Nous avons déjà vécu cela avec la fameuse « coexistence » – dukyoum en hébreu -, que la gauche sioniste voulait instaurer avec les Palestiniens comme préalable à tout accord de paix, pendant la période d’Oslo. Nous connaissons les échecs et les conséquences dramatiques de cette normalisation alors même que les négociateurs israéliens se taillaient la part du lion dans le soi-disant partage en deux États. La normalisation doit être la conséquence de la paix. Elle ne peut la précéder, ou sinon, c’est un leurre qui préserve les privilèges et les intérêts du plus fort.

Les responsabilités sont réparties par la tribune comme on s’en doute : « Il (le boycott) a alimenté le scepticisme et la défiance d’une société israélienne en butte à l’hostilité et l’ostracisme de son environnement géopolitique proche. » La tribune oppose une normalisation hors sol à la stratégie portée par le mouvement BDS (Boycott, Désinvestissement, Sanction) qui lui se fonde sur le droit international, et la nécessité de le faire appliquer par Israël. Le boycott est un outil de lutte populaire contre le racisme, la ségrégation et l’injustice, qui a réussi à débarrasser l’Afrique du Sud de l’apartheid.

En réalité, cette normalisation qui veut s’imposer par le haut est présentée comme une arme contre le Boycott qui inquiète Israël, perçu comme victime, mais jamais comme responsable de ses actes, de ses violations de toutes les normes internationales, de son occupation et colonisation illégales, et de ses crimes de guerre commis à Gaza en 2008 et en 2014.

Mais la tribune ne s’arrête pas là. Elle explique que la haine antisémite supposée du Moyen Orient se répercute en France où les populations maghrébines sont explicitement désignées comme reproduisant l’antisémitisme et l’extrémisme … arabes.

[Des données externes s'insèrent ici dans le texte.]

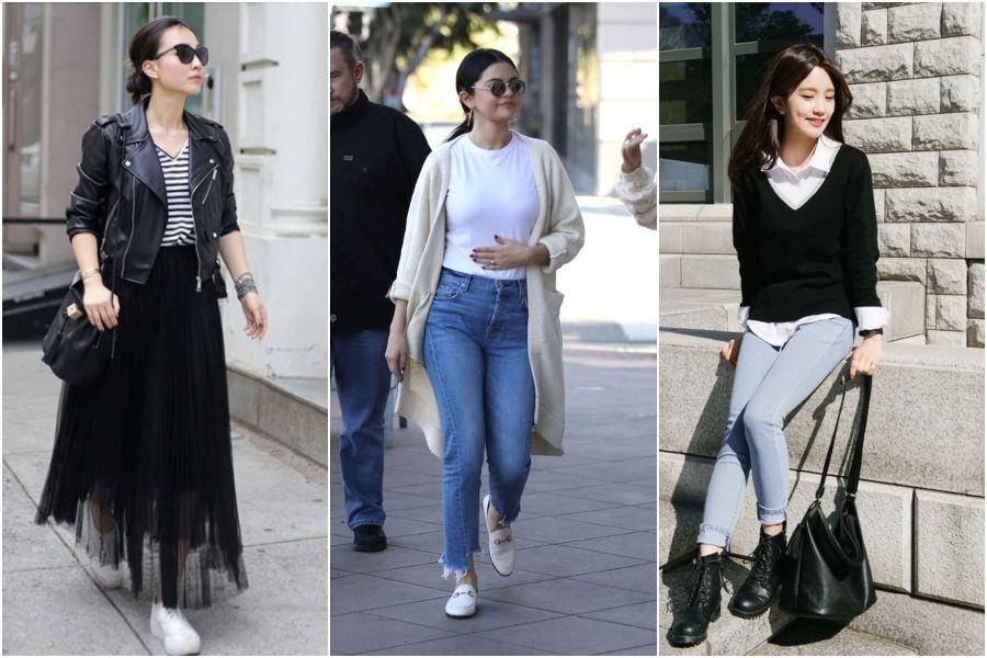 Hitam Dan Putih Lipat Baju / Padukan dengan sepatu warna putih dan tas warna hitam.
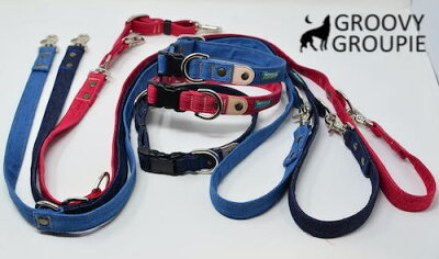 《中型犬用》首輪とリードセット デニム3色&レザー【ポスト投函選択で送料無料】
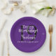Persönlich gestaltbare Papiertafel wird zum Geburtstag, dem Namen, dem Alter der Person und dem besonderen Wunsch gezeigt: "Lass, das sei ein tolles Jahr!" Designed by HAMbyWhiteGlove alias HAMbWG - Matching Becher, Servietten und andere Artikel werden separat verkauft. Lila dargestellt.
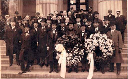 1915年巴拿马万国博览会期间,中国政府组织中国商业报聘团赴美,张弼士任团长,黄炎培任秘书。前排右起第四人为张弼士
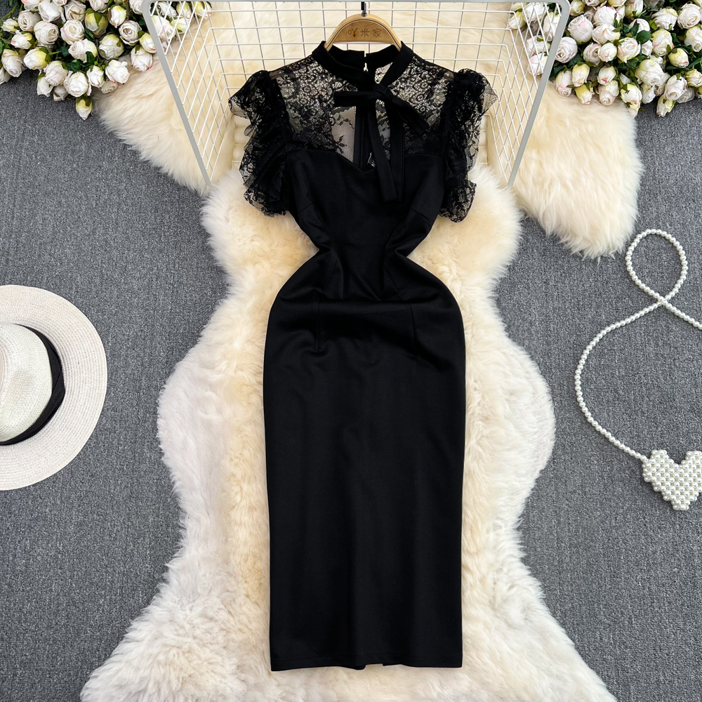 フランス式宮廷風水溶レース半袖ワンピース透かし彫りフック花蝶襟ストラップ気質優雅スカート
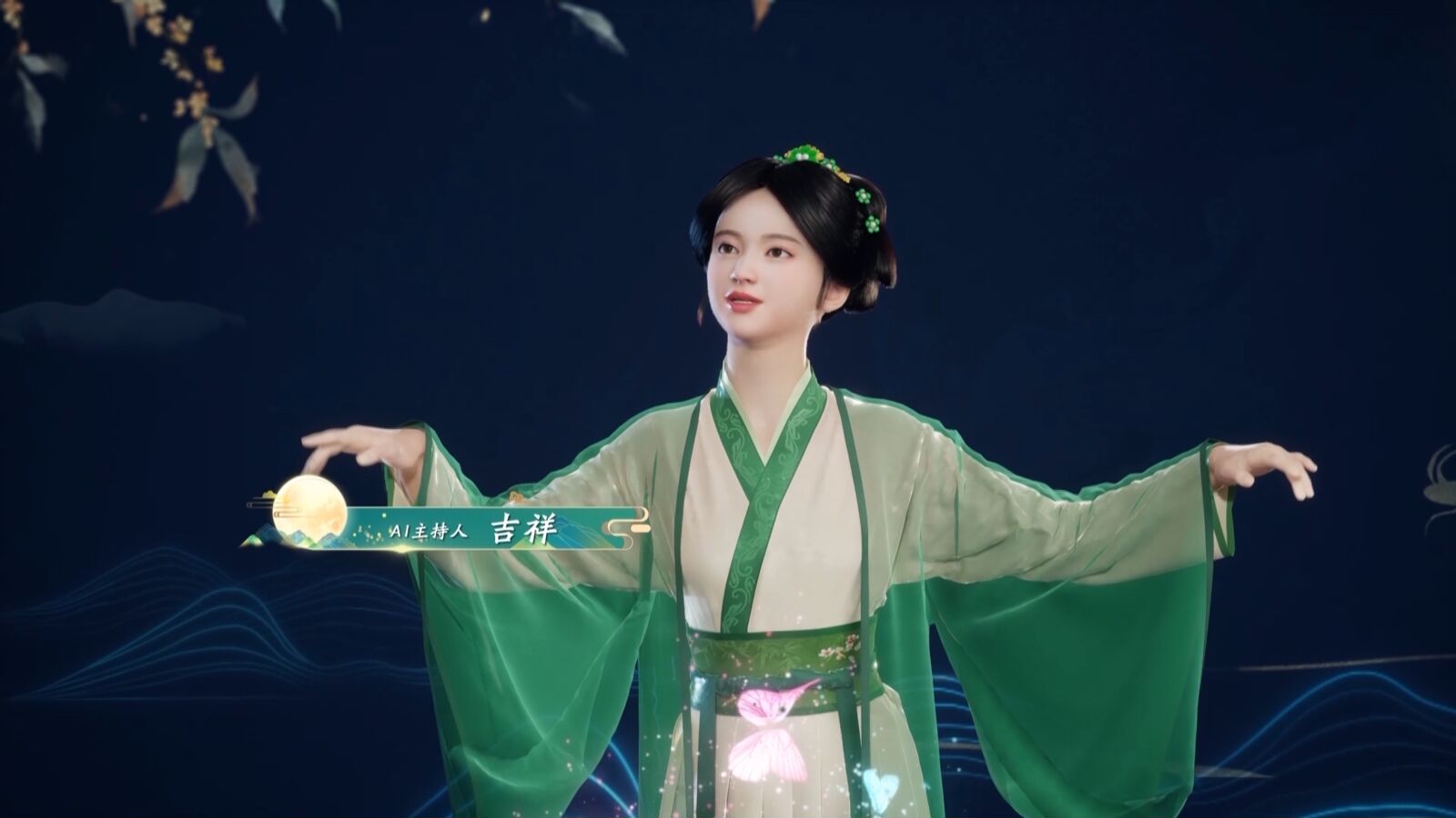 本場中秋特別節目創新串聯方式,首次使用河北廣播電視臺AI主持人“吉祥”完成各會場之間的串聯主持,賦予節目更具科技感的觀看體驗。

Selon eux, cette initiative serait « l’extension culturelle » de l’initiative arabe de 2002. Encore un mensonge : ce qui a disparu ici, et qui figurait dans l’initiative de 2002, c’est la reconnaissance des droits palestiniens et de leur État… Mais nous avons changé d’époque. L’heure est aux alliances néolibérales du tiroir-caisse, au mépris des peuples, et ces gens n’ont strictement rien à proposer en échange de la normalisation. Rien pour le peuple palestinien qui reste livré sans défense à la conquête et la hargne destructrice du régime israélien.

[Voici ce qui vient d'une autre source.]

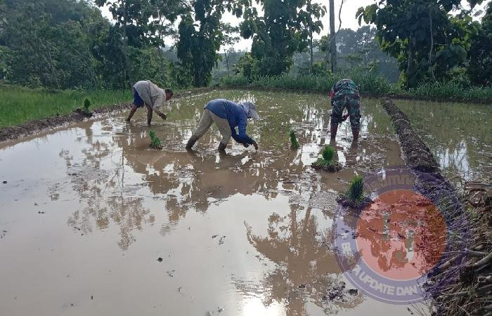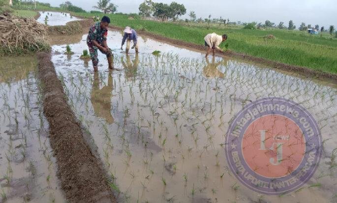 Seperti halnya yang dilakukan Babinsa Koramil 07/Ngrambe Serda Heru Purwanto melaksanakan kegiatan pendampingan dan membantu petani yang sedang menanam padi, Minggu (19/01/2025).
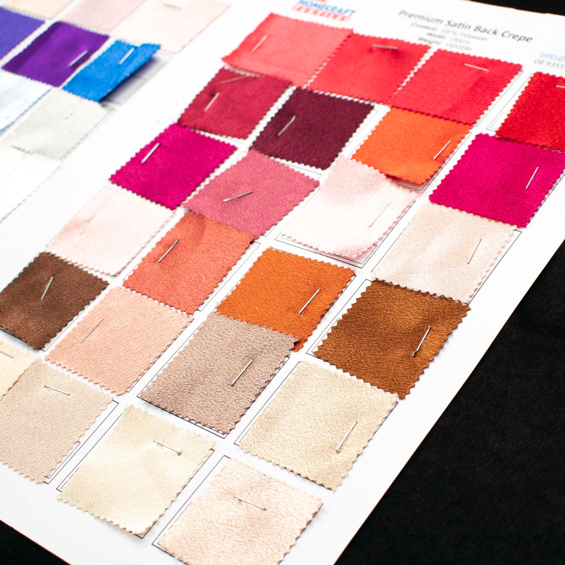 Our premium satin back crepe is a luxurious fabric, with a sateen finish on one side and a crepe effect on the other. It can be used on either side. This medium-weight satin has a beautiful lustre and drapes well. Perfect for use on its own or as an underlay for lace garments. Our range consists of 60 colors to cover all your fashion requirements.

Le pire et le plus éhonté mensonge est réservé pour la fin de la tribune, et concerne la coopération de santé annoncée contre la pandémie du Covid 19. Quoi de plus faux, alors qu’Israël bloque toute entrée de soins à Gaza et bombarde les rares installations restées opérationnelles, que les Palestiniens atteints de fièvre sont jetés à terre aux barrages et laissés sans soins, que les colons développent une violence accrue en Cisjordanie incluant destructions, vandalisme et attaques physiques en toute impunité, que des enfants sont maintenus dans des prisons à haut risque de contamination selon les représentants de l’Unicef et du Bureau des droits humains des Nations unies, que l’accès aux hôpitaux israéliens demeure sévèrement restrictif, et que le nouveau gouvernement d’union nationale prévoit l’annexion pure et simple d’une partie non négligeable de la Cisjordanie prévu en juillet 2020 ?

Mais si « cette coopération inédite a sauvé des vies » (sic !), « ces nobles projets ne pourront voir le jour tant que les lois de la plupart des pays arabes continueront de menacer les partisans arabes du dialogue avec Israël. » Voilà donc ce qui freine l’extension de la normalisation – le boycott ! –, et voilà pourquoi les signataires de la tribune sont vent debout contre lui.

« Bâtisseurs de paix », c’est ainsi que la tribune désigne les membres du Conseil arabe pour l’intégration régionale. Ne sont-ils pas plutôt, eux et leurs soutiens occidentaux, les artisans de la normalisation des violations israéliennes des droits de l’homme, se lavant les mains des peuples concernés ?

14 mai 2020.

Tribune publiée le 15-05-2020 sur le site de la revue Contretemps
Par Michèle Sibony et Maxime Benatouil.

Michèle Sibony et Maxime Benatouil, membres de la Coordination nationale de l’Union juive française pour la paix (UJFP).